Recruitment for this study will occur from Dr. J. Shiau's LEAF Weight Management Clinic. Following initial assessment of needs, a staff member of the LEAF clinic will mention this study and ask interested individuals to complete an online form as initial registration in the study. These potential participants will be contacted by research staff who are not affiliated with the LEAF clinic (i.e., research assistant or trainees who are part of the research team); the research personnel will then phone interested participants to explain the study and associated risks and benefits of participating. Participants who do not wish to participate in the research study after details are provided, will continue with the normal intake process at the LEAF clinic. Participants who wish to participate will complete a telephone screening questionnaire with the research staff. Eligible participants will be booked for an in-person screening session at The Royal Ottawa Mental Health Centre.

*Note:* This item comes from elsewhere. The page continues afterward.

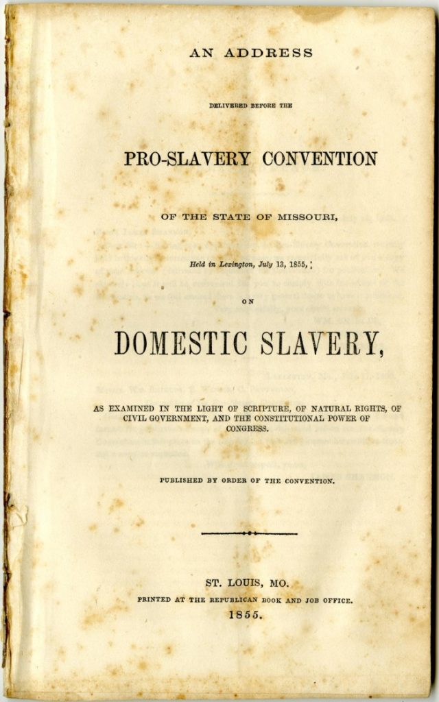 Against the backdrop of the “Bleeding of Kansas” (where the Civil War began long before Ft. Sumter) he addressed the Missouri Pro-Slavery Convention in 1855. His An Address … On Domestic Slavery amounted to a declaration of war on abolitionists for trying to “steal our property.”

Screening and Testing Sessions Overview:

Participants will have 5 in-person laboratory visits (Clinical EEG \& Neuroimaging Laboratory, under the direction of Dr. Natalia Jaworska, at The Royal/IMHR; and, Behavioural and Metabolic Research Laboratory, under the direction of Dr. Eric Doucet, at the University of Ottawa). Specifically,

* Visit 1: in-person screening and test dose visit at the Clinical EEG \& Neuroimaging Lab, at The Royal;

* Visit 2: baseline metabolics/cognition/food craving assessment at the Behavioural and Metabolic Research Laboratory, University of Ottawa;

* Visit 3: baseline EEG/MRI imaging at the Clinical EEG and Neuroimaging Laboratory at The Royal;

* Visit 4: 4-week post-intervention metabolics/cognition/food craving assessment at the Behavioural and Metabolic Research Laboratory, University of Ottawa;

* Visit 5: 4-week post-intervention EEG/MRI imaging at the Clinical EEG and Neuroimaging Laboratory at The Royal.

Phone Screening:

Participants will be recruited from the LEAF clinic. Those who are interested in participating complete an online registration form. They will then be contacted by research study personnel and screened over the phone, regarding basic inclusion criteria. The study will also be explained. Following successful phone screening, an in-person screening visit and test dose (administered by The Royal pharmacy and overseen by Dr. Pierre Blier) visit will be scheduled at the IMHR (Dr. Jaworska's laboratory). Only participants who have been cleared medically by the LEAF clinic/Dr. Judy Shiau will be referred to this study.

In Person Screening:

This will occur at The Royal. The informed consent will be carried out, and any questions will be addressed and documented directly on the consent form. Second, a brief clinical assessment (to ensure that outstanding inclusion and exclusion criteria are met), using modules from the MINI (Mini International Neuropsychological Inventory) including the mood module, substance use module, psychotic disorders module, and eating disorders module (approximately 30min). Heart rate and blood pressure will then be measured reviewed by Dr. Pierre Blier.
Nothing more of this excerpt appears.